## ABOUT THIS TASK
Retype nothing except the lines below from the one with "本日の給食は、鶏肉の照り焼き、サツマイモの味噌汁、きんぴらごぼうです。" through the one with "2026款小鹏P7+增程版今", exactly, with images left out.

## AVAILABLE DATA
■ ■ ■
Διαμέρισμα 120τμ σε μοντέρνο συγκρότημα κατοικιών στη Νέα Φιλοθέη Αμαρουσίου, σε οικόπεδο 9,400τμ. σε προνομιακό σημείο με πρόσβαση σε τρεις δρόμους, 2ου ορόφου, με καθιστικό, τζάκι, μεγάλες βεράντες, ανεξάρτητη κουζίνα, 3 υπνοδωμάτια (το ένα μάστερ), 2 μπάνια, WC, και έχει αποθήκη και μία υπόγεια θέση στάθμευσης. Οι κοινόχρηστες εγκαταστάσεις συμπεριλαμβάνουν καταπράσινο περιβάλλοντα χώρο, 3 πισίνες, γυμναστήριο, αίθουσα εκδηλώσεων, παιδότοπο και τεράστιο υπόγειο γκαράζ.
■ ■ ■
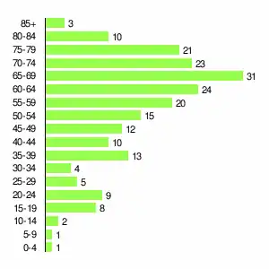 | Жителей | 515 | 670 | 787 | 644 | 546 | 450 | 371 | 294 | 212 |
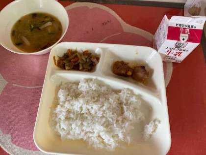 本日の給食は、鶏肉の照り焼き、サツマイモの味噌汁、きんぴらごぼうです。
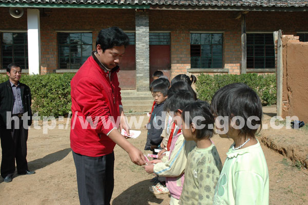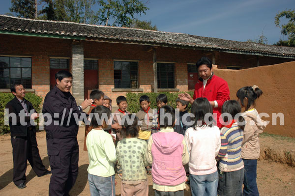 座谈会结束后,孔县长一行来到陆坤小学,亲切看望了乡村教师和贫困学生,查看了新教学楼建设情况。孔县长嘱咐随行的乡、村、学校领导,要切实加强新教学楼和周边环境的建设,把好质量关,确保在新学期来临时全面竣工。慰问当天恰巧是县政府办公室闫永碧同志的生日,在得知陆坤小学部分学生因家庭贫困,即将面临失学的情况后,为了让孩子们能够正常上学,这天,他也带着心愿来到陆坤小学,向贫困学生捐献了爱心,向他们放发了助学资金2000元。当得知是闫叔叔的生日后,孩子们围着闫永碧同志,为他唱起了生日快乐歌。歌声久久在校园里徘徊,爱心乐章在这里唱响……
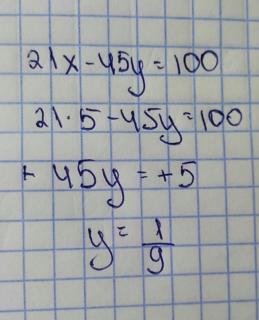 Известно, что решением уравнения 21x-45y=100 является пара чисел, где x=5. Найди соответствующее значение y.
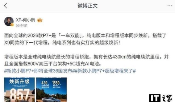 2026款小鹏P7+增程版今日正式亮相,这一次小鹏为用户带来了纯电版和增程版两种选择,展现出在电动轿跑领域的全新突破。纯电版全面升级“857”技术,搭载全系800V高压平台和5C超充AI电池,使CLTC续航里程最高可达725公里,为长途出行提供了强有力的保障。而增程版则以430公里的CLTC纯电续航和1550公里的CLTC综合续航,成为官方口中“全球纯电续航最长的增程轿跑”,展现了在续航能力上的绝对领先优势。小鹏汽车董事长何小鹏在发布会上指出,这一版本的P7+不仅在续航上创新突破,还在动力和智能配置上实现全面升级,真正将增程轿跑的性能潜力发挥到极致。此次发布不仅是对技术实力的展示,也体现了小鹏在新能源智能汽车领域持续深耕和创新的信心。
■ ■ ■
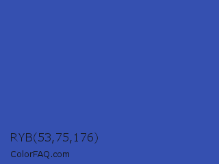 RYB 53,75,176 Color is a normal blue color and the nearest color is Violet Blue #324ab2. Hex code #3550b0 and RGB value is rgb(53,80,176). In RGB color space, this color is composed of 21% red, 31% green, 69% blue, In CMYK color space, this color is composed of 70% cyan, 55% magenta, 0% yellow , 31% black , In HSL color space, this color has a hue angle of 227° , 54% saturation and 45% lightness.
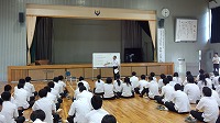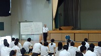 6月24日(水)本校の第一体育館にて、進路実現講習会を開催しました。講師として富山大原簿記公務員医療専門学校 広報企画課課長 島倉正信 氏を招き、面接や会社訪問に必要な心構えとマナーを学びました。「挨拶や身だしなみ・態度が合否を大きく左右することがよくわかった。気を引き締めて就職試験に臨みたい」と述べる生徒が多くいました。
■ ■ ■
## SOLUTION TO THIS EXERCISE
 本日の給食は、鶏肉の照り焼き、サツマイモの味噌汁、きんぴらごぼうです。
 座谈会结束后,孔县长一行来到陆坤小学,亲切看望了乡村教师和贫困学生,查看了新教学楼建设情况。孔县长嘱咐随行的乡、村、学校领导,要切实加强新教学楼和周边环境的建设,把好质量关,确保在新学期来临时全面竣工。慰问当天恰巧是县政府办公室闫永碧同志的生日,在得知陆坤小学部分学生因家庭贫困,即将面临失学的情况后,为了让孩子们能够正常上学,这天,他也带着心愿来到陆坤小学,向贫困学生捐献了爱心,向他们放发了助学资金2000元。当得知是闫叔叔的生日后,孩子们围着闫永碧同志,为他唱起了生日快乐歌。歌声久久在校园里徘徊,爱心乐章在这里唱响……
 Известно, что решением уравнения 21x-45y=100 является пара чисел, где x=5. Найди соответствующее значение y.
 2026款小鹏P7+增程版今日正式亮相,这一次小鹏为用户带来了纯电版和增程版两种选择,展现出在电动轿跑领域的全新突破。纯电版全面升级“857”技术,搭载全系800V高压平台和5C超充AI电池,使CLTC续航里程最高可达725公里,为长途出行提供了强有力的保障。而增程版则以430公里的CLTC纯电续航和1550公里的CLTC综合续航,成为官方口中“全球纯电续航最长的增程轿跑”,展现了在续航能力上的绝对领先优势。小鹏汽车董事长何小鹏在发布会上指出,这一版本的P7+不仅在续航上创新突破,还在动力和智能配置上实现全面升级,真正将增程轿跑的性能潜力发挥到极致。此次发布不仅是对技术实力的展示,也体现了小鹏在新能源智能汽车领域持续深耕和创新的信心。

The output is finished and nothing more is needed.